Our paper “Real-time Mapping of Natural Disasters Using Citizen Update Streams”, Iranga Subasinghe, Silvia Nittel, Michael, Cressey, Melissa Landon and Prashanta Bajracharya, has been accepted for publication in the International Journal of Geographical Information Science in the Special Issue “Real-time GIS for Smart Cities” (published in July 2019).

We built a multiagent simulation system to create social media update streams during a natural disaster, and use the 2018 Montecito mudslides as a scenario to extensively test which update characteristics, citizen participation and citizen movement characteristics contribute to the quality of being able to map a disaster purely on citizen update streams in real-time.

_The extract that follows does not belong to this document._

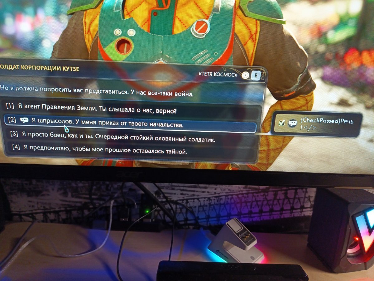 1. Hello! game version 1.0.4.2 patch I’ve encountered an issue with the Russian localization in The Outer Worlds 2. Some UI elements and dialogue skill checks display broken or untranslated text instead of proper Russian strings. This happens in several places, including: Dialogue skill checks (Speech, Intimidate, Lie, Science, etc.) Interactions with terminals and locks Various in-game prompts and tooltips On the English version everything works correctly — so it seems that some localization keys are missing or corrupted in the Russian .locres files. Below is an example of the issue — please see the screenshot. Could you please forward this to the localization team or confirm if an updated Russian language pack is planned in an upcoming patch?

This video shows our work modeling the mudslide as a spatio-temporal event used as input for the multiagent system.

Link to paper.

Abstract:

Natural disasters such as flooding, wildfires, and mudslides are rare events, but they affect citizens at unpredictable times and the impact on human life can be significant. Citizens located close to events can provide detailed, real-time data streams capturing their event response. Instead of visualizing individual updates, an integrated spatiotemporal map yields ‘big picture’ event information. We investigate the question of whether information from affected citizens is sufficient to generate a map of an unfolding natural disaster. We built the Citizen Disaster Reaction Multi-Agent Simulation (CDR-MAS), a multi-agent system that simulates the reaction of citizens to a natural disaster in an urban region. We proposed an rkNN classification algorithm to aggregate the update streams into a series of colored Voronoi event maps. We simulated the 2018 Montecito Creek mudslide and customized the CDR-MAS with the local environment to systematically generate stream data sets. Our experimental evaluation showed that event mapping based on citizen update streams is significantly influenced by the amount of citizen participation and movement. Compared with a baseline of 100% participation, with 40% citizen participation, the event region was predicted with 40% accuracy, showing that citizen update streams can provide timely information in a smart city.